Monday, Jul. 05, 1926
Again Dillon
When the elder J. P. Morgan created the U. S. Steel Corp., he sent blocks of the new stock to his clients with a demand for their checks forthwith. They complied. J. P. Morgan clients do not refuse J. P. Morgan offerings.
Nor do Dillon, Read &Co. customers refuse Clarence Dillon. Like the Morgan house, Dillon, Read & Co. are bond wholesalers, selling large blocks to the retail investment houses and banks; but they also sell directly to the investor.
They began last week selling bonds of the German United Steel Works, the combination of the Thyssen, the Phoenix, the Rheinstal and the Deutsch-Luxembourg. This grouping ranks in wealth and production only below the U. S. Steel Corp.
Two months ago Dillon's agents had integrated the units of the German combination to make them function as a single concern. The refinancing--$60,000,000--he would supply as soon as the reorganization documents were perfected.

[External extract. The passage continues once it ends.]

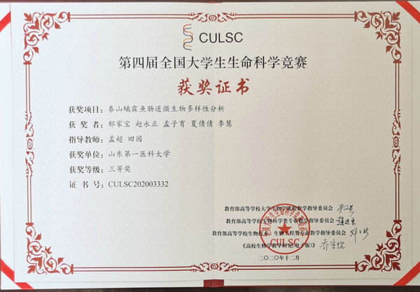 本次比赛从去年9月份开始报名,历经12个多月,通过实验设计、实验研究、实验记录、论文撰写、线上答辩等多个环节,经初赛、网评、山东省省赛等层层选拔,由孟超、田园老师指导,郁家宝、赵永正、孟子育、夏倩倩、李慧同学参赛作品《泰山螭霖鱼肠道微生物多样性分析》荣获全国三等奖。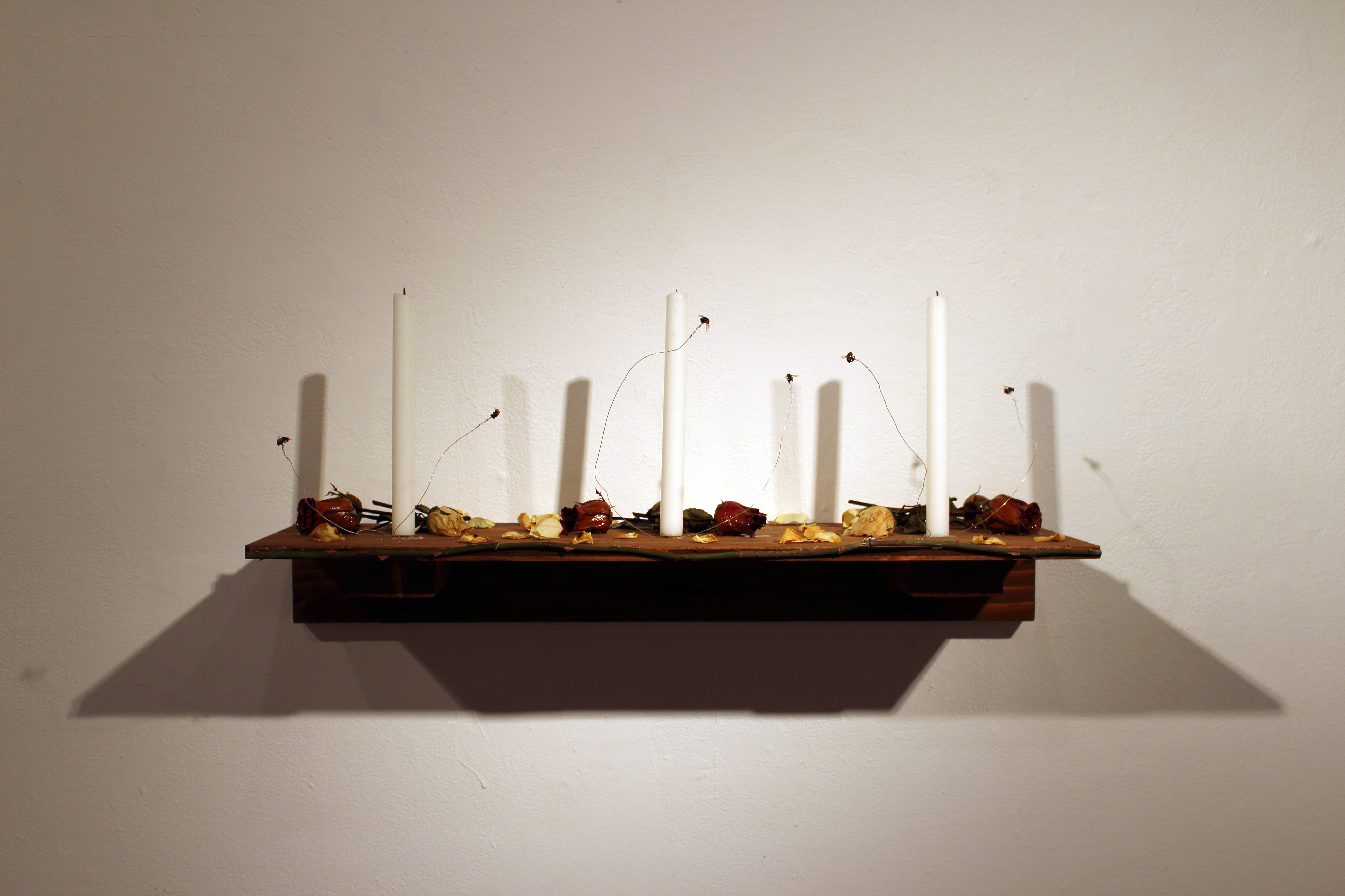 Untitled (Altar) Untitled (Altar) Dimensions Variable Dead Bees, Wire, Dead Roses, Acrylic Gel, Candles, Stain on Wood 2014

Two weeks ago these were so near ready that he loaned the Thyssen people $5,000,000 for working capital.
This week he was prepared to offer the $60,000,000 publicly. But the "Big D" banks of Germany-- the Deutsche, Dresdener, Disconto Gesellschaft and Darmstadter, those pre-War drillmasters of German industries--wanted a share of the issue. German funds have suddenly become available for investment, can be had at 2 1/2%. So this week he will offer only $30,000,000 of the United Steel Works bonds; the German banks, the balance.
Somewhat similarly, last week he joined with certain Dutch and Swedish banks, as well as U. S. investment houses, in selling $25,000,000 of United States of Brazil bonds. A month ago he sold $35,000,000 of like ones, has the whole $60,000,000 protected by a sort of first mortgage on Brazil's consumption taxes and import duties.